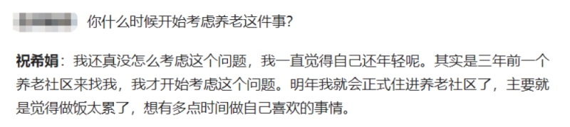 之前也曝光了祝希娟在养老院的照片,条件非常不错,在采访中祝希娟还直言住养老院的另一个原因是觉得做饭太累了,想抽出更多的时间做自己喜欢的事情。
───
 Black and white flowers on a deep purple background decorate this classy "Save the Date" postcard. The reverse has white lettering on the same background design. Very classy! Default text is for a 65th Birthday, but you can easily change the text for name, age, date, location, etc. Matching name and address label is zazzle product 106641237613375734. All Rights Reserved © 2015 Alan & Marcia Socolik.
───
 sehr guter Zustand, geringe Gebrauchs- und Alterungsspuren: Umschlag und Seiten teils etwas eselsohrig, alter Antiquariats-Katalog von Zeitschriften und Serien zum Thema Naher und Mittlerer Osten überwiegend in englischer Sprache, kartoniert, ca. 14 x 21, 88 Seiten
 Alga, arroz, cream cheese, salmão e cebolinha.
───
Exercise instructions: Write down exactly the span of lines above from the one containing "sehr guter Zustand, geringe" to the one containing "Alga, arroz, cream", both ends included.

Written solution:
 sehr guter Zustand, geringe Gebrauchs- und Alterungsspuren: Umschlag und Seiten teils etwas eselsohrig, alter Antiquariats-Katalog von Zeitschriften und Serien zum Thema Naher und Mittlerer Osten überwiegend in englischer Sprache, kartoniert, ca. 14 x 21, 88 Seiten
 Alga, arroz, cream cheese, salmão e cebolinha.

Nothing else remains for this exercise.